IPCC Report: We must go further, faster
02 February 2007
Green Party Female Principal Speaker Siân Berry today said that tomorrow's IPCC report underlines the need for immediate action to drastically reduce carbon emissions:
"This report is a call to arms - we must go further, faster.
"It confirms that the disastrous effects of climate change are already being observed, and that these effects will accelerate significantly without major changes in policy
"We must move rapidly to a Green economy based on need rather than greed.
"The report demonstrates that climate change could be far worse than previously thought, and suggests a mean temperature rise of about 3 degrees C by 2100. This would have devastating effects.
"Sustainability requires a serious commitment to tackling climate change; we must set targets nationally, and campaign globally, within the Contraction and Convergence framework, to limit the global mean temperature rise to 2 degrees C.
"Anything beyond this will challenge and change our civilization beyond recognition.

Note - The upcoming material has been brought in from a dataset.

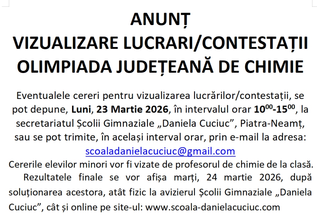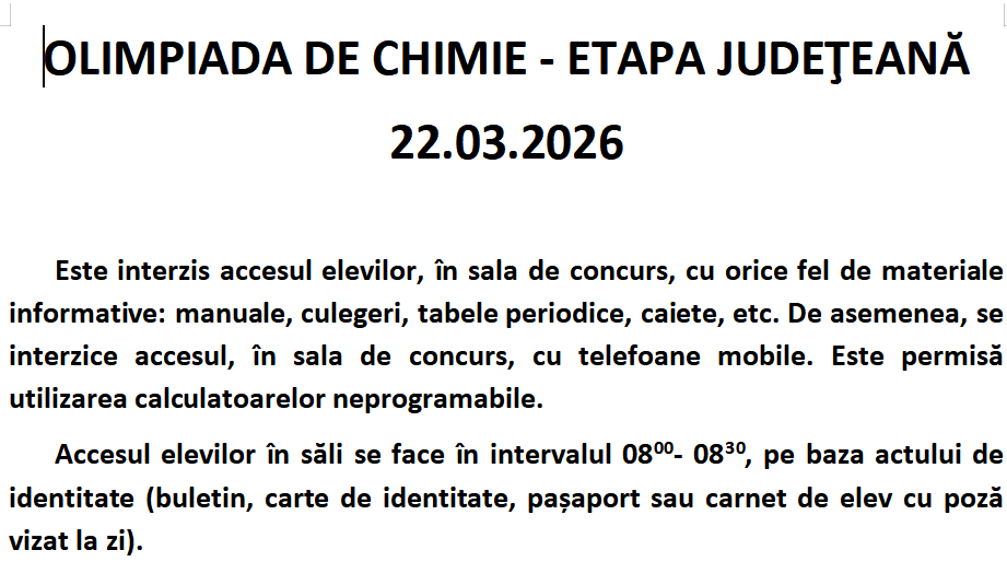 Olimpiada de Chimie – Etapa Județeană – 22 martie 2026

"The bottom line is that the amount of carbon going into the atmosphere is unsustainable and the rate of accumulation appears to be accelerating, not slowing, nor, as is needed, reversing.
"The government must bridge the gulf between their rhetoric and their actions. Will this report have any effect whilst Blair is busy trying to save his reputation and his environment minister is sponsoring a huge expansion in aviation?"

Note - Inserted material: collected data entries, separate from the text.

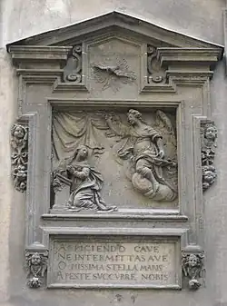 Das barocke Bürgerhaus mit mehrfach geknickter Fassade liegt an der Ecke Freisingergasse / Bauernmarkt. Es war das Wohnhaus des Hofbankiers von Kaiser Leopold I., Samuel Oppenheimer. Im 19. Jahrhundert war es ein Stiftungshaus des Wiener Bürgerspitalfonds. In der Freisingergasse ist über dem ursprünglichen Portal ein Hausrelief mit der Darstellung von Mariä Verkündigung zu sehen, in einer Rahmung mit Dreiecksgiebelverdachung mit Hl. Geist-Taube, Cherubsköpfen und Fruchtgehänge. Eine lateinische Inschrift ruft Maria um Schutz vor der Pest an.
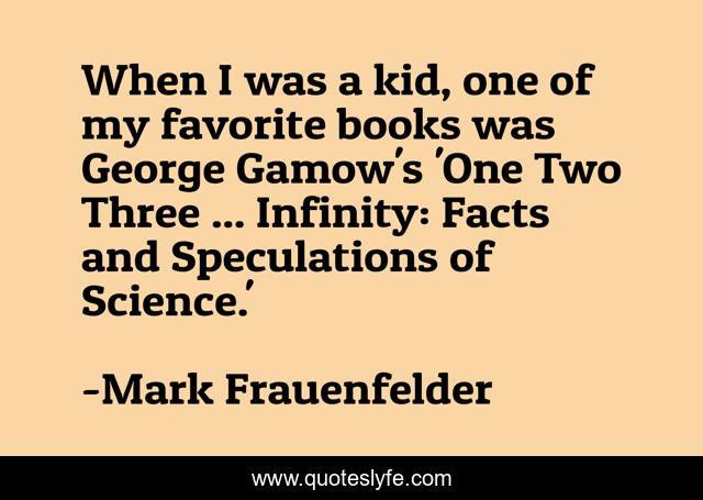 This page presents the quote "When I was a kid, one of my favorite books was George Gamow's 'One Two Three ... Infinity: Facts and Speculations of Science.'". Author of this quote is Mark Frauenfelder. This quote is about facts, favorite, three,.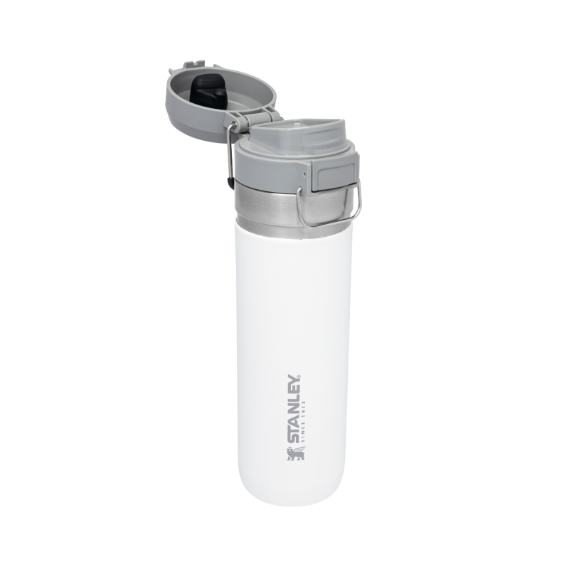 Butelka Stanley Quick-Flip 0,7 l z własnym logo to szczelna, wytrzymała butelka termiczna z przyciskiem otwierającym, stalową blokadą i izolacją utrzymującą zimno do 18 h lub 2,5 dnia z lodem. Idealna do personalizacji nadrukiem lub grawerem jako gadżet premium dla firm i aktywnych użytkowników.

Derek Wall, Green Party Male Principal Speaker added that the Green Party had the policy answers to climate change:
"We need an end to road building and new airports; a moratorium on all new fossil fuels extraction; the rapid phase-out of coal for energy; cancellation of airport expansion plans, a tax on aviation fuel and plane tickets, and an end to short haul flights; abandonment of fossil fuel-intensive industrial agriculture in favour of decentralised, locally-grown, sustainable food sources; drastic increases in energy conservation; and the immediate transition to clean energy sources such as wind, solar and tidal power.
"Hair-shirtism is no option.We must make the move to an ecologically sustainable society as enjoyable as possible. Local production for local need, a huge expansion of public transport and renewables, zero waste and all the rest are possible. Ecologically sensitive and diverse forms of economics that meet the needs of those most in need must be preserved and extended.
"The most important part of change will be the demand that policy is governed not by the needs of more economic growth but on the basis of what is good for humanity and the rest of nature."